I believe this can only have desirable consequences, and I thank you in particular for the way in which you talked about me, though it seems to me you’ve praised me more about one thing and another than I yet deserve. At home they seem to be very pleased with their new surroundings, and are still full of your visit.
As I am myself, by the way, for various things you said to me cause me to think of you even more than I used to, certainly not with less affection. What you
told me about your health, in particular, makes me think of you often.
I am well — I feel fine not avoiding anything because of it, and just carrying on. But, as you’ll understand, it isn’t entirely over. At times, mainly in the evening when I’m tired, it troubles me, but fortunately it’s no longer such that it stops me working.
This week I painted a few fairly large studies in the woods which I’ve tried to work up more highly and elaborate more than the first ones. The one I believe I’ve been most successful with is no more than a piece of ground dug over — white, black and brown sand after a downpour. So that the clods of earth catch the light here and there and are more expressive. After I’d been sitting in front of that piece of ground for a while drawing, there came a thunderstorm with torrential rain that lasted a good hour. I had become so gripped, however, that I stayed at my post and sheltered as best I could behind a thick tree.
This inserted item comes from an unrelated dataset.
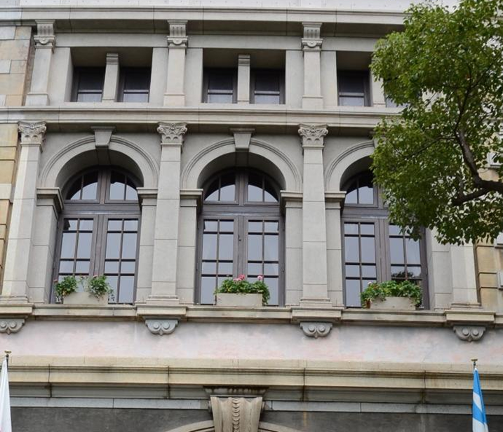 <南玄関正面>ルネサンス様式 半円アーチ型の窓

When it had finally passed and the crows took to the air again, I wasn’t sorry I had waited, because of the wonderfully deep tone the ground of the wood had taken on after the rain.
Because I had started before the storm on my knees with a low horizon, I now had to kneel down in the mud, and it’s because of similar adventures, which happen very often in different ways, that it seems sensible to me to wear ordinary working clothes that aren’t easily ruined.
The outcome this time was that I was able to take that piece of ground with me to the studio — although Mauve rightly said to me when we were discussing one of his studies that it’s a job to draw clods of earth and to get depth into them.
The other study from the woods is of big green beech trunks on a ground with dead leaves, and the small figure of a girl in white.